He listens toward the milky glass of a meeting room. Voices. He leans back and braces his arms at his sides. He is here only once every two weeks, then spends just under a week in Berlin. He will now have to come back on Saturday. If he doesn’t come in then, he’ll have to hope for the next time. Six weeks without him, the plant in the conference room could not survive. Then he would have to buy replacements for it, repot it, and clean up after himself.

Even worse than conference rooms are hotels, Kaz says. People would throw trash in the pots, and mess with the plants, and they would be moved around constantly for events. Plants like to be in one place. Kaz, fortunately, was only assigned to one hotel once. Every time he visited, he had five to six spare plants in his car, just in case.

What do plants like?

Light, sure. Water, but not too much.

Most plants die because humans take too good care of them. “A lot of people overwater them,” Kaz says. “Just like grandparents overfeed their grandchildren.” Sometimes they pour water into the pots because the leaves have turned yellow and they want to help the plant, he says. Yet the yellow is also a sign of too much moisture, he said.
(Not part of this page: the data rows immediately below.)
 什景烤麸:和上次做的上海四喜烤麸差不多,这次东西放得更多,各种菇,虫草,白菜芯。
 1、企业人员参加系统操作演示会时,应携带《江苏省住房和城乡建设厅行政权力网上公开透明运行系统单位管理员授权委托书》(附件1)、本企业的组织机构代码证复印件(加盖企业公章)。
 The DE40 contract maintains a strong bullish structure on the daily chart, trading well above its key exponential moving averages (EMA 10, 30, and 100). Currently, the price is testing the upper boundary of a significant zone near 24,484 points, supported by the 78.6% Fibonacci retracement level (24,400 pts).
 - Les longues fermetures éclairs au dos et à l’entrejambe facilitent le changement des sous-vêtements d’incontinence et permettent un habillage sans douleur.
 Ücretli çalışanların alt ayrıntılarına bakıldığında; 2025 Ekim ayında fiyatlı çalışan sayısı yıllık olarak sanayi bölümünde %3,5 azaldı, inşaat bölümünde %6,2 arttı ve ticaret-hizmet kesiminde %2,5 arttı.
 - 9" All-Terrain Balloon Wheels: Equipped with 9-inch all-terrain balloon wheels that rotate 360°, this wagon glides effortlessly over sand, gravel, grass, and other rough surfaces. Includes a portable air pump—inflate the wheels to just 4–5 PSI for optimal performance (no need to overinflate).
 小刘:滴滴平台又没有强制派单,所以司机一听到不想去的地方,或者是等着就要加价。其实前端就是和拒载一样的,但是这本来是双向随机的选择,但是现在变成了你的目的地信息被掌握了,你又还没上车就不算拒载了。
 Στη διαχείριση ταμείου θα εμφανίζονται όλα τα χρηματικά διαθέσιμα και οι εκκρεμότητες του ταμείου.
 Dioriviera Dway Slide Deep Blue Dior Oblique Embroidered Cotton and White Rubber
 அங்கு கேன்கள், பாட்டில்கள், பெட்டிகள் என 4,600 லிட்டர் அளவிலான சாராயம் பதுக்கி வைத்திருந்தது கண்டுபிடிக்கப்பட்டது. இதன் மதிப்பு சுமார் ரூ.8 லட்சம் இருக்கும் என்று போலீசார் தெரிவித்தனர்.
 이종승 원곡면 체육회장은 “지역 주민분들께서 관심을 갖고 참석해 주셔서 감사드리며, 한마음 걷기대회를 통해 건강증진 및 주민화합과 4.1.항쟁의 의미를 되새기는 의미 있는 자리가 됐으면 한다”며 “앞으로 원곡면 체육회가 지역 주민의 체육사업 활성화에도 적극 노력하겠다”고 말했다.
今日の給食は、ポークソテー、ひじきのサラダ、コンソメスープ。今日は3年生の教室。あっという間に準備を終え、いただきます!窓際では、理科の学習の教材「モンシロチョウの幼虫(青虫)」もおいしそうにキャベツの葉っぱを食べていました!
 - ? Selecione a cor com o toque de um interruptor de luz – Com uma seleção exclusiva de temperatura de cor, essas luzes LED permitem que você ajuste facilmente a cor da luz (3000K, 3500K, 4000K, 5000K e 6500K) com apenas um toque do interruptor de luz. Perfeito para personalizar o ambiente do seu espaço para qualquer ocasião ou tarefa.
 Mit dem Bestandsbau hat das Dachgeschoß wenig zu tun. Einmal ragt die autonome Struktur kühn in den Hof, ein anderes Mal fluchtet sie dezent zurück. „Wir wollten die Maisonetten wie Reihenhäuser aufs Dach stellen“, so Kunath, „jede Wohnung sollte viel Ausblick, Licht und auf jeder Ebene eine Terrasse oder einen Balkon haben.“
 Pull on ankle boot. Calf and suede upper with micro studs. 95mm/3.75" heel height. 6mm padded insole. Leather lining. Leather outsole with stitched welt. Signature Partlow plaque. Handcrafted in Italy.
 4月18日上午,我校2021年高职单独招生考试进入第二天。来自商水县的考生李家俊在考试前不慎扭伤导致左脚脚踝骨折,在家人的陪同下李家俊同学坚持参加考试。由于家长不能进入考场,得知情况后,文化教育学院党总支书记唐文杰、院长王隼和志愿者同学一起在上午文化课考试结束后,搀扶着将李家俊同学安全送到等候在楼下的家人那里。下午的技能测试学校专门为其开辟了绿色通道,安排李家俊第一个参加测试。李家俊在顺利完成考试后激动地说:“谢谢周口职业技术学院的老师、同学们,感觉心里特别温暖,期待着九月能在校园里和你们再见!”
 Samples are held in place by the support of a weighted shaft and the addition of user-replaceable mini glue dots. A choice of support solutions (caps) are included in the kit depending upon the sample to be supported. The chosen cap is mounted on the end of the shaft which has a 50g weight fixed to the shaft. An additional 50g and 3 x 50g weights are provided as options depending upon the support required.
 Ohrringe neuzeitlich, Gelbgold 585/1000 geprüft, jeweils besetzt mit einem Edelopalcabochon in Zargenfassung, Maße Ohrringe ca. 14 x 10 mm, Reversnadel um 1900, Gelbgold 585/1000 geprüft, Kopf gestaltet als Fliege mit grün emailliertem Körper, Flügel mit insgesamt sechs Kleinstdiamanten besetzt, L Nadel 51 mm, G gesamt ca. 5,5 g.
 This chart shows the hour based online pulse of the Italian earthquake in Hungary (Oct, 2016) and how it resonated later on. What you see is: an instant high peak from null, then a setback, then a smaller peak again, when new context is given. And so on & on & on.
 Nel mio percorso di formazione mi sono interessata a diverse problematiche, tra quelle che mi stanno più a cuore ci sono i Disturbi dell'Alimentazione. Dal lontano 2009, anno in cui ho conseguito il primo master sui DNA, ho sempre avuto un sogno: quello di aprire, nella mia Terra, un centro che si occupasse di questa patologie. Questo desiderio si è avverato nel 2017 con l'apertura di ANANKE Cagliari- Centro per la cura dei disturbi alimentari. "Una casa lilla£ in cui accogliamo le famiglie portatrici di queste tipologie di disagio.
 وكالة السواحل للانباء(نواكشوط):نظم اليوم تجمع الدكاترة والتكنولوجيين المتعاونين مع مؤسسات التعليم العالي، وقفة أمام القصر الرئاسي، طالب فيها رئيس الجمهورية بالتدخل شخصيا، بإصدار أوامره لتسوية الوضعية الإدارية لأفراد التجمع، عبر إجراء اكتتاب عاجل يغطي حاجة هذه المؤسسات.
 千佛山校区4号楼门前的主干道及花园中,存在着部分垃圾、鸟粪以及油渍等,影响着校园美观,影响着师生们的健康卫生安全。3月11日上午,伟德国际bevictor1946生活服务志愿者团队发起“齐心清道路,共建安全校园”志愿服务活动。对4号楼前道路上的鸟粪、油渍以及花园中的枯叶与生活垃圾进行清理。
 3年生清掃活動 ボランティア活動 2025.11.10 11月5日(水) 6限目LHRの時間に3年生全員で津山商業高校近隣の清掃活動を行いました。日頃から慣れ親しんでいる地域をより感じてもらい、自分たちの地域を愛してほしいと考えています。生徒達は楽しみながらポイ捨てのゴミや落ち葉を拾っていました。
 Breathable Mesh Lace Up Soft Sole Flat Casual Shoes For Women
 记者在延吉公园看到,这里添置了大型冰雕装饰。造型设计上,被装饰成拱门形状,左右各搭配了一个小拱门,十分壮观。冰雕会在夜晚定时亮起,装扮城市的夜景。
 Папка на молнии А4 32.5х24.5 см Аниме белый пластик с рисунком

Watering every two weeks is sufficient for large pots.

Chamaedorea cataractarum.

From the mountainous regions of Central America.

Like all palms, needs a lot of space

It stands next to the first aid kit at the entrance of WeWork, its tips have turned yellow. Skilled as a barber, Kaz clips off the ends with pliers. “People lose their hair, plants lose their leaves,” he says.

Sometimes someone from the offices asks him if he talks to the plants. “I have too many and don’t have time for that,” he replies, very politely. People would be happy to talk to the plants themselves, standing right at their desks, he thinks to himself.

Okay, sometimes he does speak to the plants, somehow.

“Get well,” he says, or “What happened to you?”. But only in his mind.

In his silver Hyundai, he drives to the next stop, past the remains of the wall at East Side Gallery, to the high-rises at Potsdamer Platz. Kaz worked in Dublin until last summer. Then he helped out in Berlin, flying in from Ireland a couple of times. He is now responsible for several office floors in Berlin.

He lives with his wife and children in Łęczyca, a small town in the middle of Poland, hundreds of kilometers away from Berlin, a four- to five-hour drive. When he’s not in Berlin, he pours into an office in Warsaw, helps out elsewhere, for example in Amsterdam, and spends time with his family, preferably outside. He gets paid between 15 and 25 euros an hour. That’s enough in Poland, Kaz says, but not in Berlin.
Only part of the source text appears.